Democrats kicked their opposition campaign back into overdrive, aided by the late-night broadsides Jimmy Kimmel delivered against Cassidy, the first-term Louisianan who had earlier promised not to back legislation that would roll back protections for people with preexisting conditions. Their targets were McCain and Senator Lisa Murkowski of Alaska, who had opposed the legislation in July but remained undecided on Graham-Cassidy.
Hoping to pressure Republican senators, McConnell and House Speaker Paul Ryan leaned on Senator Lamar Alexander of Tennessee to pull out of bipartisan negotiations on a narrower Obamacare fix that he was holding as chairman of the Health, Education, Labor, and Pensions Committee. But that move appears to have backfired: In his statement, McCain urged Alexander to continue seeking a bipartisan solution with Senator Patty Murray of Washington state, the top Democrat on the committee.
Democrats reacted to McCain’s announcement with the same mix of relief and praise as they did after his surprising thumbs-down in July. The word “hero” lit up Twitter timelines, as Obamacare supporters likened McCain’s decision to his years as a prisoner of war in Vietnam.

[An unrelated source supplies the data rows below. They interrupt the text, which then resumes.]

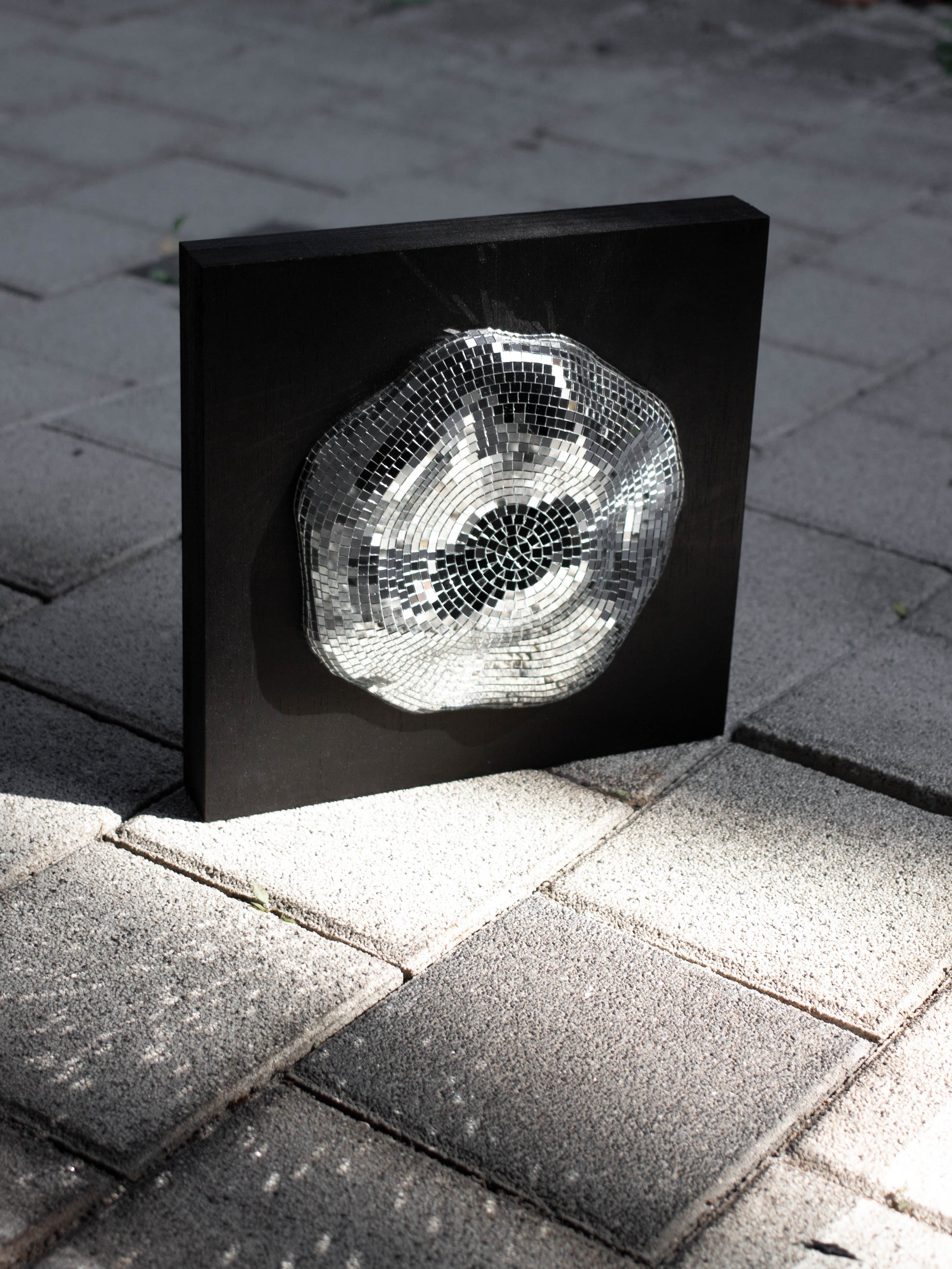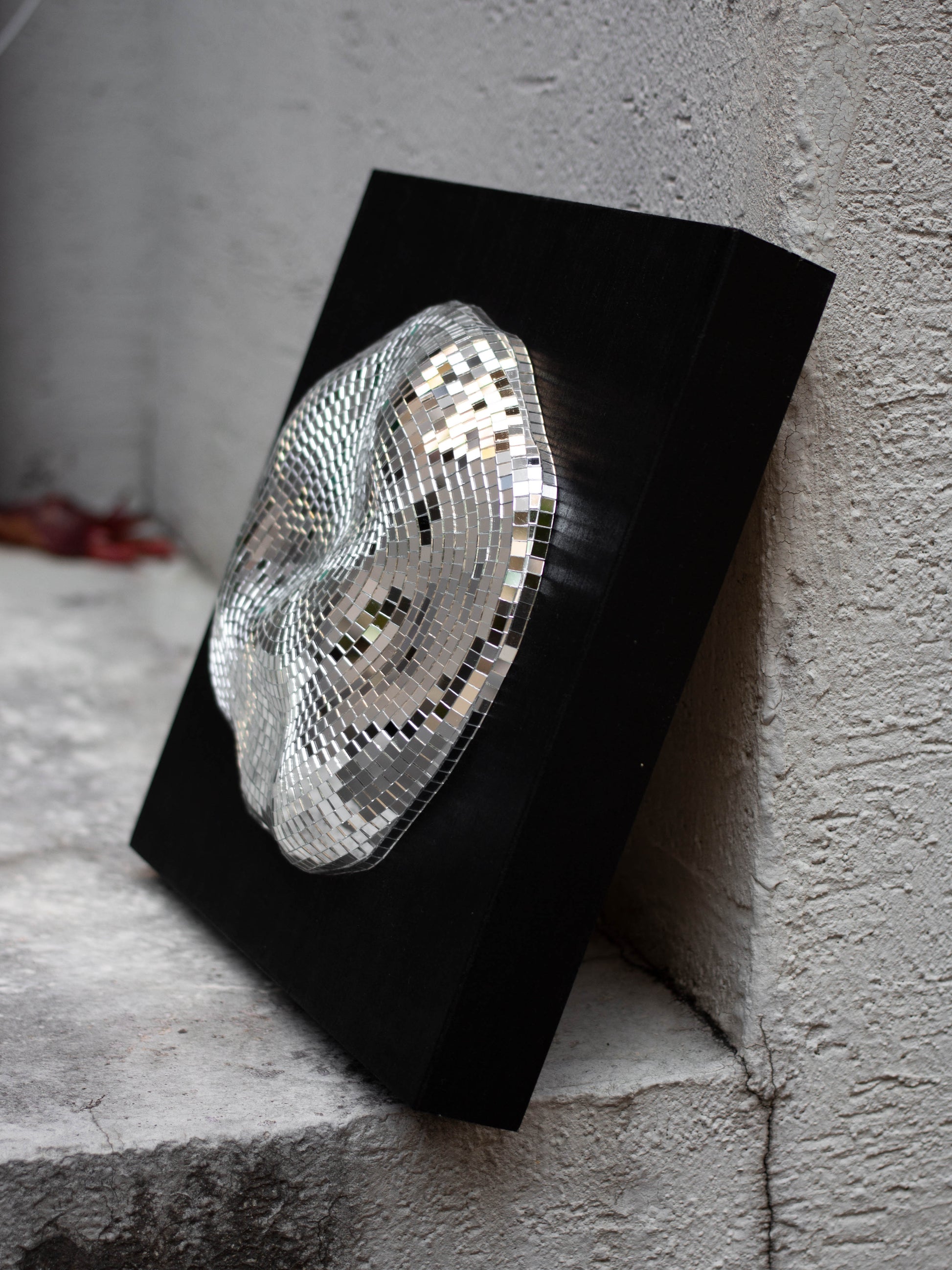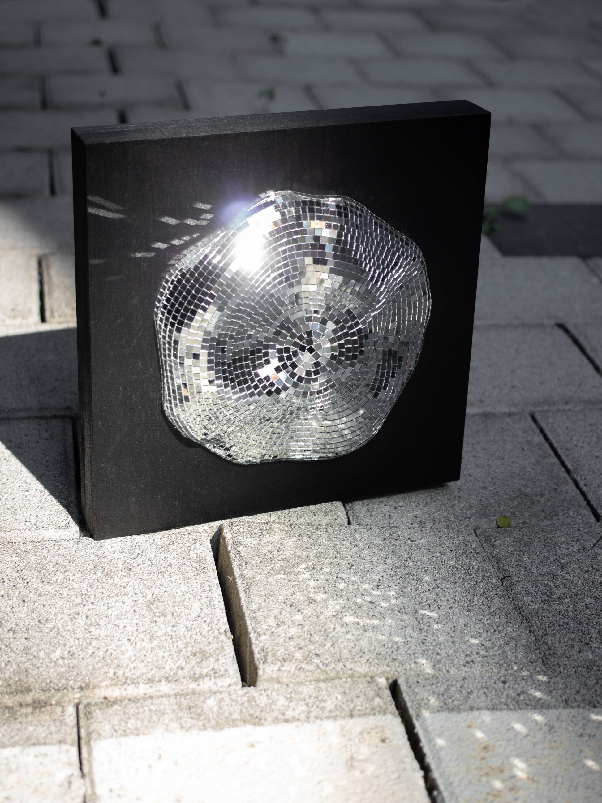 This work features a wavy, spherical form made of mirrored disco tiles, mounted on a deep black wooden panel. The mirrors fragment and reflect their surroundings, suggesting both implosion and expansion — a moment of inevitable change frozen in time.
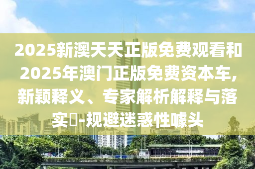 2025新澳天天正版免費觀看和2025年澳門正版免費資本車,新穎釋義、專家解析解釋與落實?-規避迷惑性噱頭
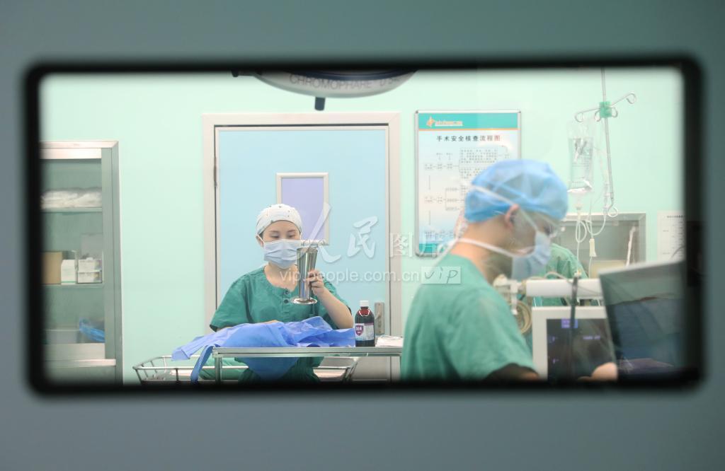 2021年5月11日,湖南省衡阳市南华大学附二医院手术室,陈雪池(左一)在工作中。

Thank you @SenJohnMcCain for being a hero again and again and now AGAIN
— Jimmy Kimmel (@jimmykimmel) September 22, 2017
JOHN MCCAIN, AMERICAN HERO.
— Topher Spiro (@TopherSpiro) September 22, 2017
I literally have tears in my eyes.
On Capitol Hill, Democrats quickly called for a return to bipartisan negotiations to shore up the law’s shaky individual-market insurance exchanges. “John McCain shows the same courage in Congress that he showed when he was a naval aviator,” said the Senate minority leader, Charles Schumer. “I have assured Senator McCain that as soon as repeal is off the table, we Democrats are intent on resuming the bipartisan process.”
But it was unclear what Republicans intended to do. There was no immediate word from McConnell on whether he would still bring up Graham-Cassidy for a vote next week that now is likely to fail. Meanwhile, Graham issued a statement saying that while he disagreed with McCain’s position, “My friendship with [McCain] is not based on how he votes but respect for how he’s lived his life and the person he is.” As for his bill, Graham said, “We press on.” But he did not lay out a path forward, either for the legislation he offered or for the GOP’s broader goal of repealing Obamacare—both of which appear, again, to be out of reach.